The unsigned preserving rules greatly increase the number of situations where unsigned int confronts signed int to yield a questionably signed result, whereas the value preserving rules minimize such confrontations.无符号保留规则大大增加了无符号整数与有signed int unsigned int对峙以产生有问题的有符号结果的情况的数量，而价值保留规则则最大限度地减少了这种冲突。 Thus, the value preserving rules were considered to be safer for the novice, or unwary, programmer.因此，价值保留规则被认为对新手或粗心的程序员更安全。 After much discussion, the C89 Committee decided in favor of value preserving rules, despite the fact that the UNIX C compilers had evolved in the direction of unsigned preserving.经过多次讨论，C89 委员会决定支持值保留规则，尽管事实上 UNIX C 编译器已经朝着无符号保留的方向发展。

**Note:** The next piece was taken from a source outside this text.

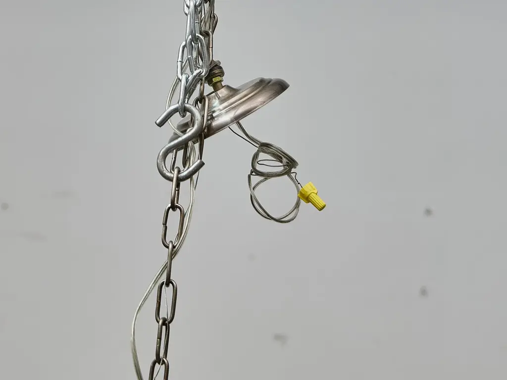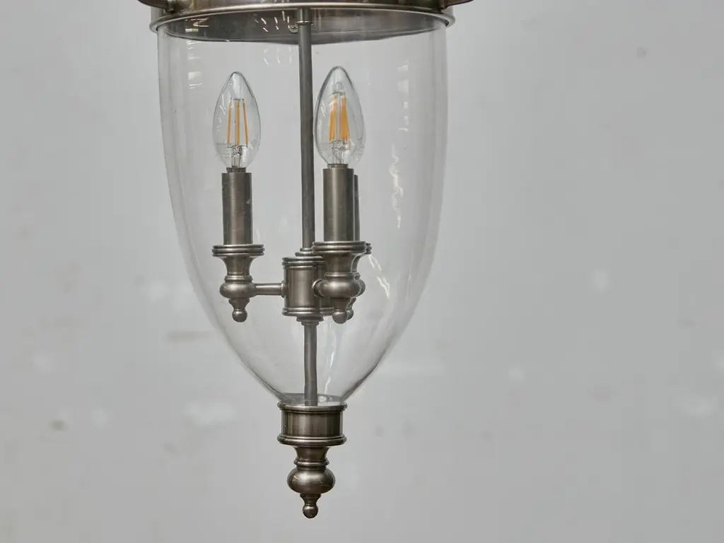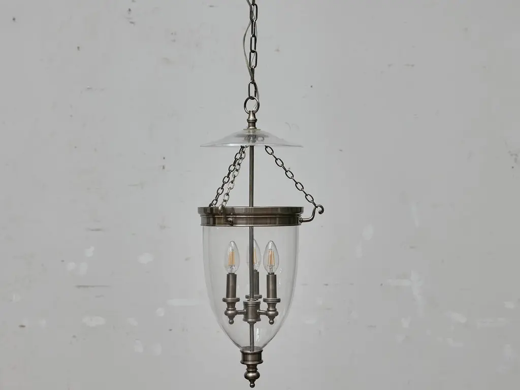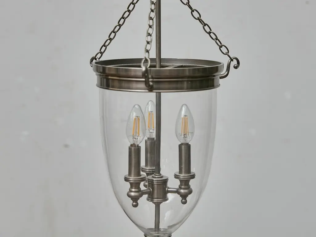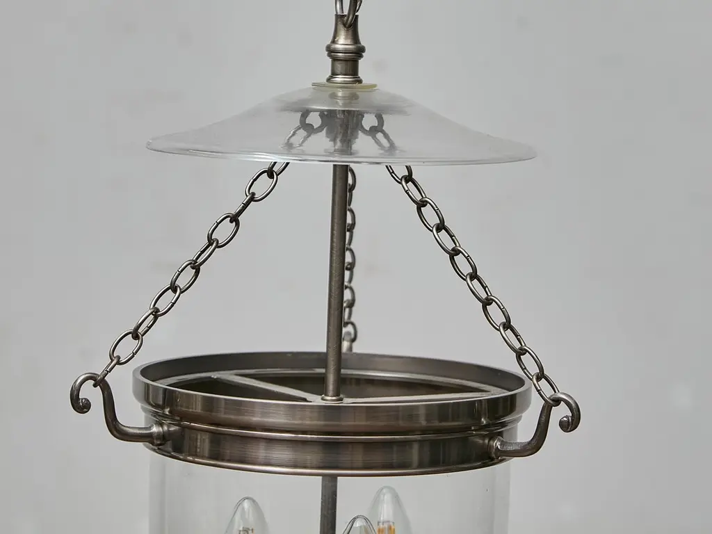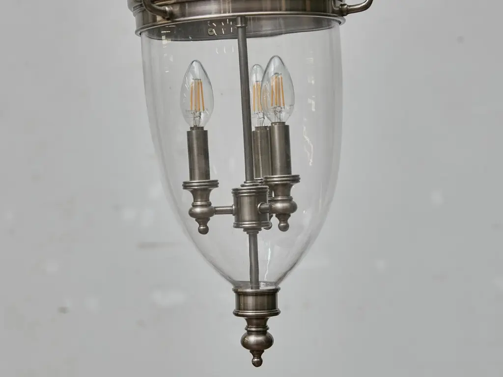 An elegant English bell jar lantern in polished nickel, dating to the mid-20th century and distinguished by its refined silhouette and understated classical details. The piece features a domed clear glass top suspended by three decorative chains, which support a large handblown bell-shaped glass body enclosing a three-light candelabra cluster. The candle-style fittings are mounted on a turned central stem, adding balance and architectural structure to the interior.The stepped finial at the base and the ring at the top further reinforce the neoclassical inspiration, while the nickel-plated hardware lends a more contemporary, transitional appeal. This fixture has been newly wired with three standard-base sockets and is ready for installation in US interiors.Measuring 26 inches in height and 12 inches in diameter, this bell lantern is ideally proportioned for use in an entryway, stairwell, or powder room. Its restrained palette and timeless profile allow it to blend seamlessly in both traditional and modern settings, offering ambient illumination and elegant presence without visual heaviness. Several lanterns are available, making them an excellent option for grouped installations or multi-room projects.

QUIET CHANGE IN C89 C89 中的安静变化

A program that depends upon unsigned preserving arithmetic conversions will behave differently, probably without complaint.依赖于无符号保留算术转换的程序将表现不同，可能没有抱怨。 This was considered the most serious semantic change made by the C89 Committee to a widespread current practice.这被认为是 C89 委员会对当前普遍做法所做的最严重的语义更改。

For reference, you can find more details about those conversions updated to C11 in this answer by Lundin .作为参考，您可以在Lundin的这个答案中找到有关更新到 C11 的转换的更多详细信息。